If you haven’t done so already, download the starting image for this image, unpack it, and start it.
SAMtools comes with some example data covering small parts of human chromosomes 2 and 20. This section describes how to add a GBrowse instance for viewing human chromosomes 2 and 20, in addition to the default GBrowse instances.
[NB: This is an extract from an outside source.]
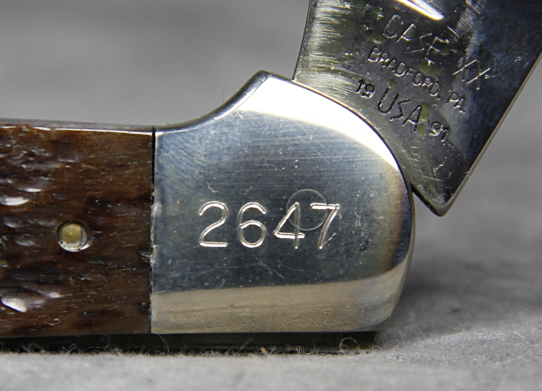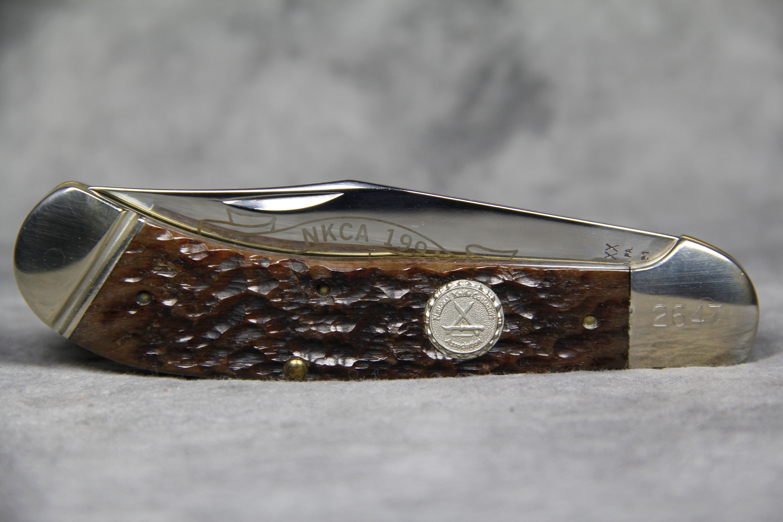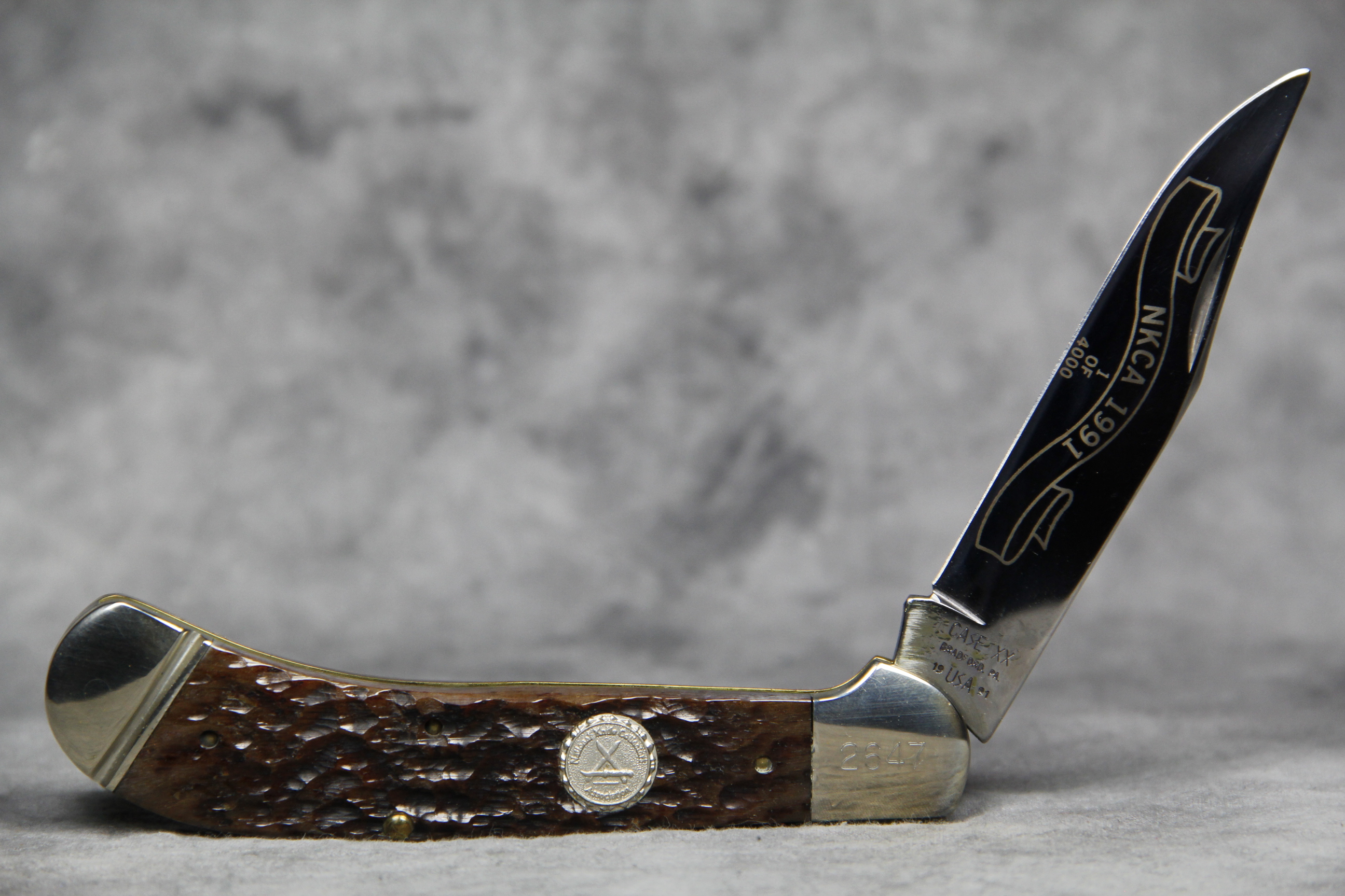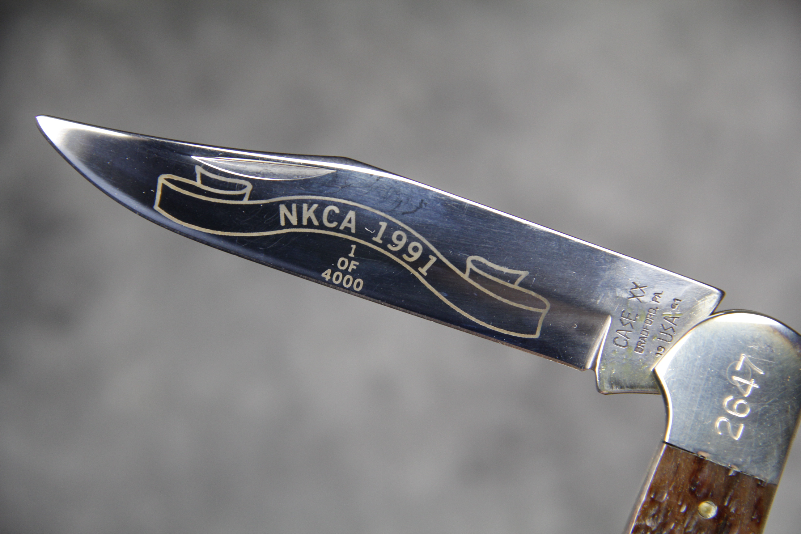 February 23, 2026 - Limited Edition of 4000. 4-5/8 inches closed. 8-1/4 inches open. Made in USA. 'Case XX Bradford, PA 19 USA 91' (with lightning bolt S) and 'DB61100 SS' tang stamps. Round NKCA shield. Stainless Steel blades. Master blade etched "NKCA 1991  1 OF 4000". Jigged dark brown bone handle. Nickel Silver bolsters; front right bolster etched with serial #. Brass liner.

We are going to use that data to demonstrate how GBrowse visualizes short read data using SAMtools.
Note: The FASTA and GFF3 files described here have already been downloaded into the starting VMware image.
It would be nice to show context, such as the reference sequence and predicted genes, with our short reads. To do this we will need to get GFF3 with gene models, and FASTA for the sequence. We can do that.
At UCSC, build 36.1 is available by chromosome:
According to http://hgdownload.cse.ucsc.edu/goldenPath/hg19/chromosomes/:
The chr*_random sequences are unplaced sequence on those reference chromosomes.
So, we will ignore those.
cd ~/BA2009
mkdir HumanData
cd HumanData
wget http://hgdownload.cse.ucsc.edu/goldenPath/hg18/chromosomes/chr20.fa.gz
wget http://hgdownload.cse.ucsc.edu/goldenPath/hg18/chromosomes/chr2.fa.gz
gunzip chr20.fa.gz
gunzip chr2.fa.gz
Take a look at the first line of each file
head -1 chr2.fa chr20.fa
This should say the names of the sequences are “chr2” and “chr20”. This matters because the chromosome names occur in several places and serve to tie everything together.
GFF3 is a widely used standard format for genomic annotation.
When you are looking for GFF3 for an organism is a good place to start is GBrowse.org, which lists GBrowse related resources for many organisms.
However, I know that the CBRG at the University of Oxford does a lot with GBrowse and human data, so I asked Simon McGowan if he could make the GFF3 for human chromosomes 2 and 3 available, and he did:
wget http://www.compbio.ox.ac.uk/data/HUMAN_HG18/ensembl/chr2_ens_annots.gff
wget http://www.compbio.ox.ac.uk/data/HUMAN_HG18/ensembl/chr20_ens_annots.gff
Past experience has taught that whenever you get a GFF3 file from elsewhere it is a darn fine idea to check that the reference sequence that all features are positioned on is defined at the top of the file.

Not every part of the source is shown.